NEBULA AWARDS STORIES SEVENTEEN

By

Pub Date: Aug. 22nd, 1983
Publisher: Holt, Rinehart & Winston

The 1981 awards, as voted by the Science Fiction Writers of America: three winners, six runners-up, two non-fiction items, and poems by Ken Duffin and Tom Disch. The winners: an excerpt from Gene Wolfe's award-winning novel The Claw of the Conciliator (the bit where Agia tricks Severian into entering a mine full of vicious ape-men); Poul Anderson's ""The Saturn Game"" (best novella), a masterly, razor-sharp yarn of explorers who meet disaster on Iapetus when they entrap themselves in their role-playing fantasy game; and Michael Bishop's ""The Quickening"" (best novelette), where the world's population is suddenly redistributed utterly at random. (Lisa Tuttle's short-story-winner ""The Bone Flute"" does not appear--a protest over the votesoliciting tactics of certain nominees.) Best of the runners-up: John Variey's splendid ""The Pusher,"" in which a spaceman inveigles young girls at a playground--in order to have someone to talk to when he returns from his voyage, years hence; Gardner Dozois' ""Disciples"" (""The Messiah has come.
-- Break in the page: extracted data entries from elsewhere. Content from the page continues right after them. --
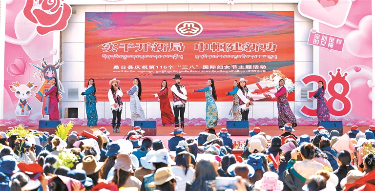 3月7日,山南市桑日縣以“實干開新局 巾幗建新功”為主題,開展“三八”國際婦女節主題活動。這是文藝匯演現場。記者 侯勇 旦增 武沛濤 攝
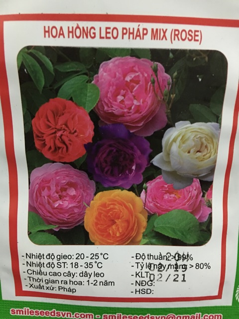 Giới thiệu Hạt giống hoa hồng leo Pháp nhiều màu, sai hoa
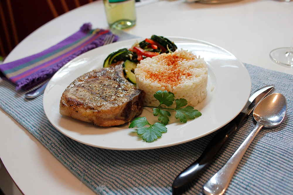 따라서 서양식 식사는 언제나 다 따로이다. 그러다 보니 양식에서 먹는 밥은 늘 간이 되어있다. 밥을 지을 때 아예 육수를 넣어서 짓고, 접시에 담고 나서는 위에 버터를 얹기도 하고, 파프리카 가루를 뿌리기도 한다. 그리고 먹을 때에는 밥은 밥대로, 고기는 고기대로 따로 먹는다.
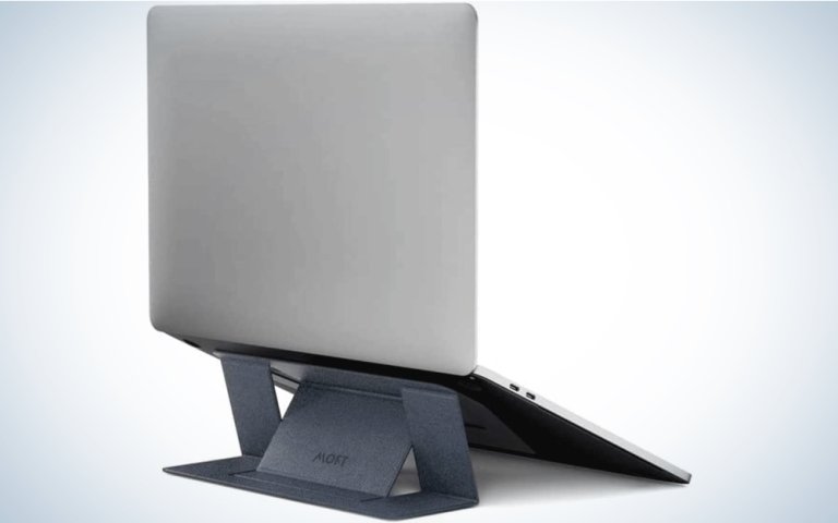 Amazon Basics’ Aluminum Portable Laptop Stand lives up to its name, but in this case, basic doesn’t mean bad. Its kickstand flips out from the bottom to position your laptop at an 18-degree angle while lifting it by roughly three inches. When you’re not using it, the kickstand can be retracted to save space. Layers of rubber on the front and back of this stand will prevent it from shifting around on your desk while you’re using it. This is especially important with an angled stand since you’ll likely be using your laptop’s keyboard with it.
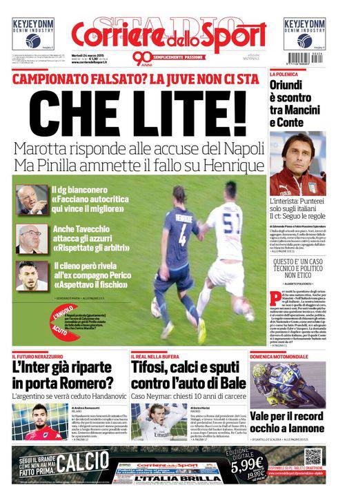 Il Corriere dello Sport parla della lite tra Napoli e Juventus riguardo il discorso campionato. Per i partenopei è falsato, la Juventus non ci sta.

His name is Murray Kupferberg. He was born in Pittsburgh."") And, in the non-fiction, Algis Budrys examines the year's novels, concluding that it's more difficult to write a good short story, while Baird Searles laments the absence of real sf movies amid a welter of screen comic-books. Anderson and Varley sparkle, then, but this Nebula offers an unusually solid and diverse fictional selection overall.